Beitrag von ziphen » Donnerstag 5. Mai 2016, 09:24

Gallus hat geschrieben:Evangelischer Landesbischof leugnet die Auferstehung Christi: http://www.evang-kirche-voehringen.de/w ... oehringen/
Idea.de hatte gleich an Ostermontag oder -dienstag mit sehr kurzem Zitat davon berichtet. Ich suchte dann in den Tagen danach nach dem EZ-Artikel im Netz, um das Ganze mal im Zusammenhang zu lesen, fand jedoch nichts. Außerdem suchte ich nach einer Äußerung Ulrichs zu seinem Artikel in der EZ und fand diese in einer Predigt.
Landesbischof Ulrich in einer Predigt am 8. April 216 hat geschrieben:In einem Artikel von mir in unseren Kirchenzeitungen, in dem es um eine Bildbetrachtung zu Karfreitag und Ostern geht, stehen Formulierungen, die, vor allem, wenn man sie aus ihrem Zusammenhang isoliert, zu Missverständnissen, Irritationen und bei manchen sogar zum Verdacht geführt haben, ich würde die leibliche Auferstehung Jesu von den Toten leugnen. Ich sage hier in aller Deutlichkeit: das tue ich natürlich nicht, das liegt mir fern. Wer mich kennt, weiß, dass ich, wie alle Christenmenschen, aus der Kraft der Auferstehung lebe, aus der lebendigen Hoffnung, die ihren Grund in der Gewissheit hat, dass der Tod überwunden ist und nicht das letzte Wort behält, dass das Leben siegt. Das leere Grab am Ostermorgen ist für mich eine Glaubenstatsache, die nicht zu leugnen ist.

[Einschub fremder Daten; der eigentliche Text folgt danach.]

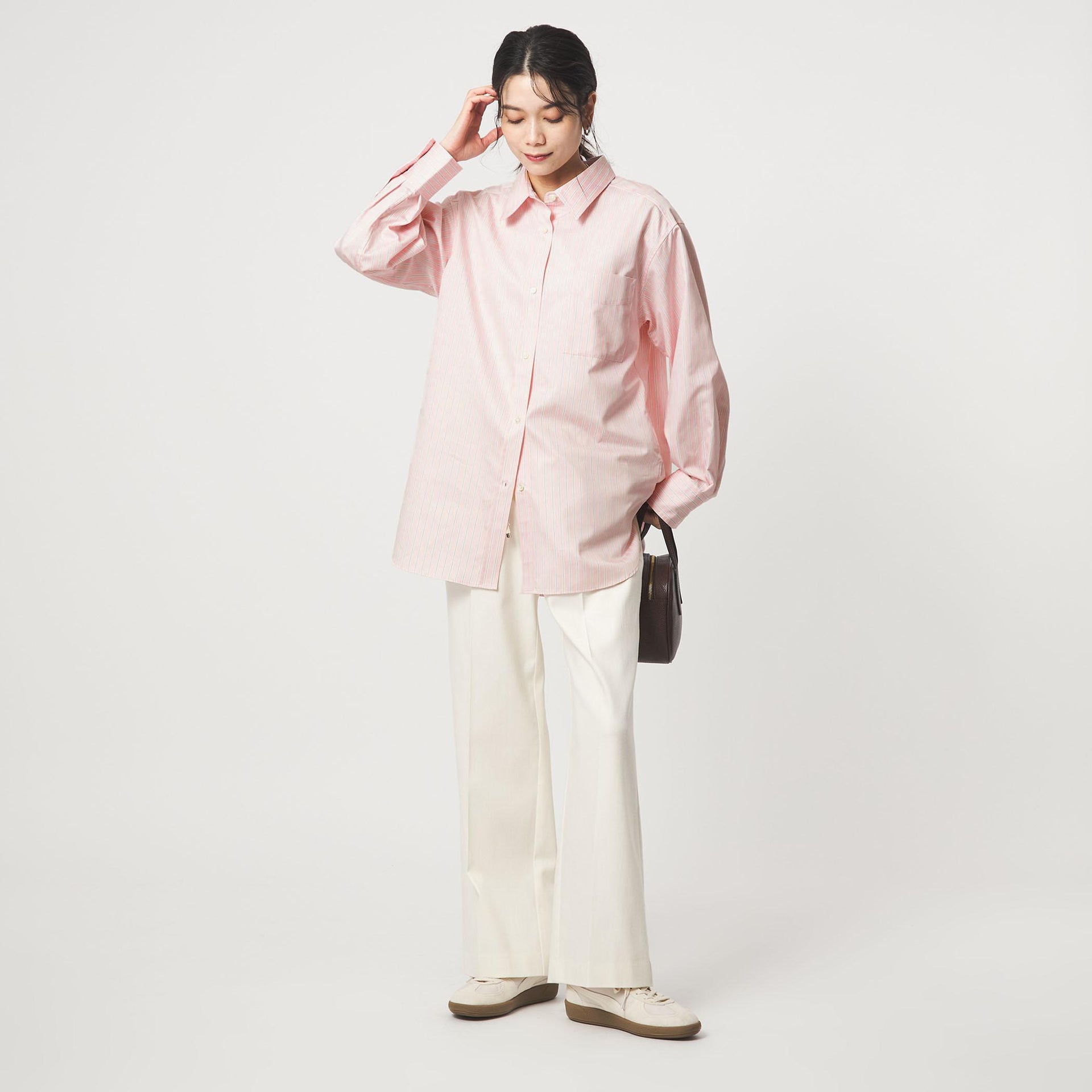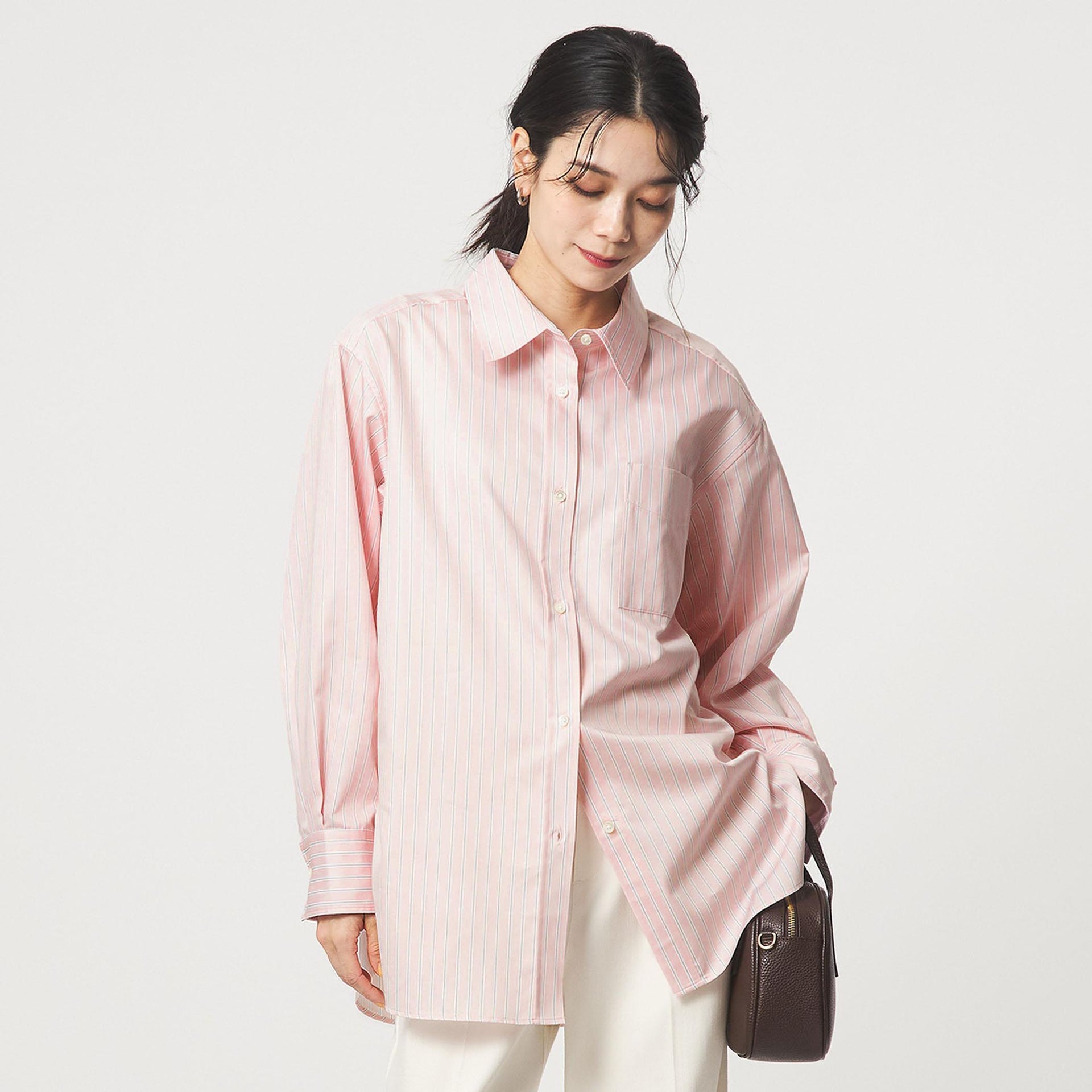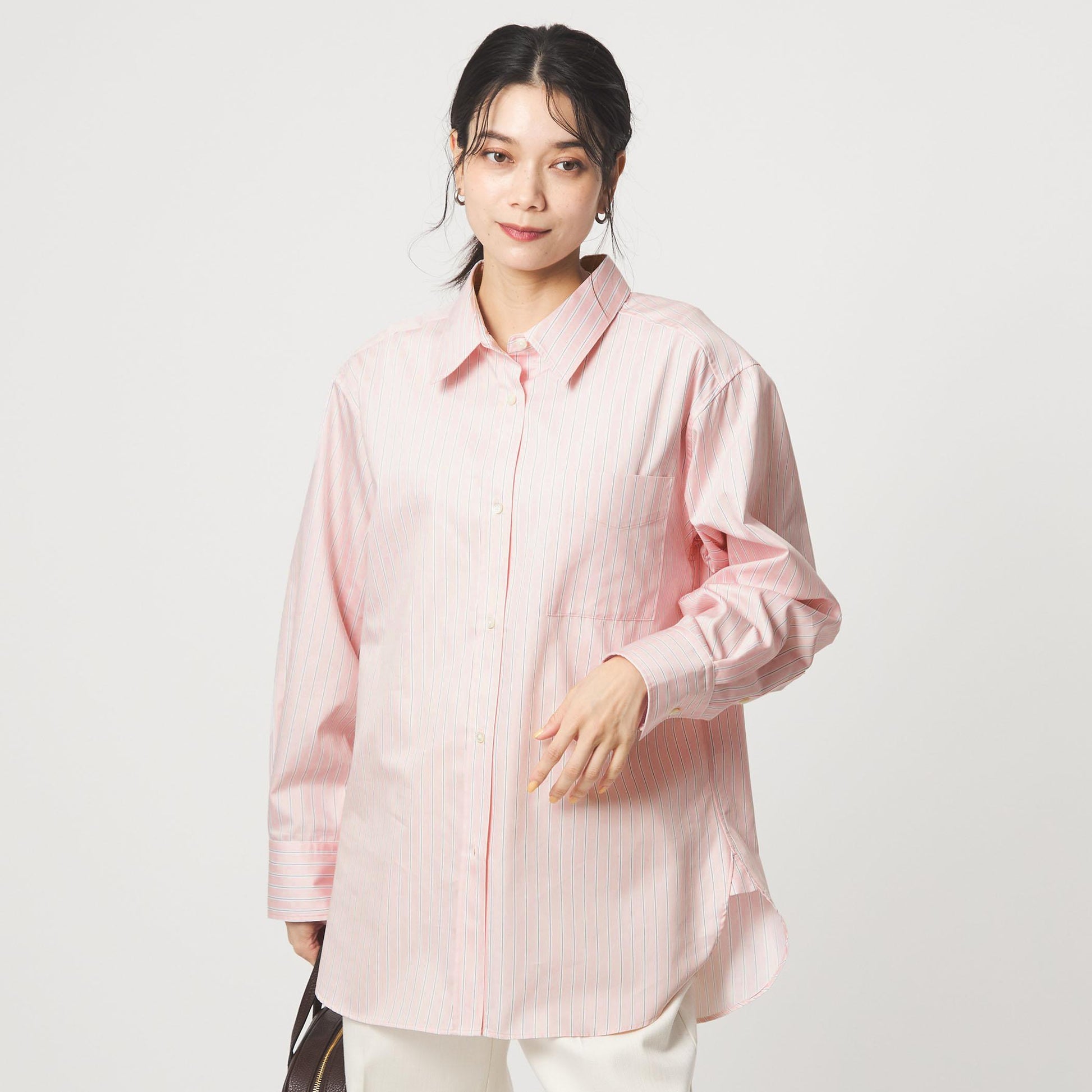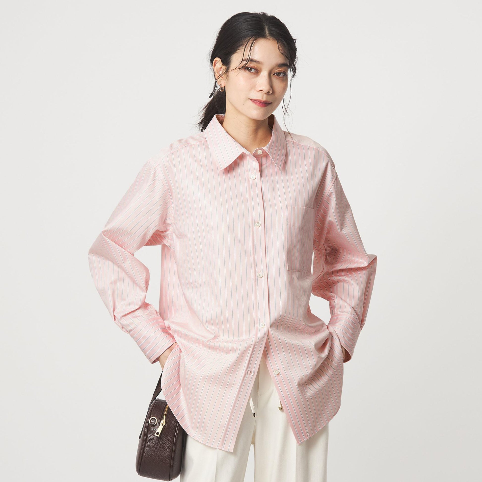 着回しに便利な無地2色に加え、スタイリングのアクセントになるライトピンクのストライプ柄をご用意しました。

Da ich nun das etwas längere Zitat in Gallus Link gelesen habe, finde ich, er hat das in dem EZ-Artikel schon geschickt gemacht, indem er nicht äußert, wie er etwas selber denkt sondern wie die Jünger damals wohl über den Tod gedacht haben. Er ist fein raus, unterstellt den Jüngern aber bestimmte Gedanken, die wiederum einen bestimmten Eindruck beim Leser hinterlassen. Mit welcher Absicht? :achselzuck:
Wenn böse Zungen stechen, / mir Glimpf und Namen brechen, / so will ich zähmen mich; /
das Unrecht will ich dulden, / dem Nächsten seine Schulden / verzeihen gern und williglich.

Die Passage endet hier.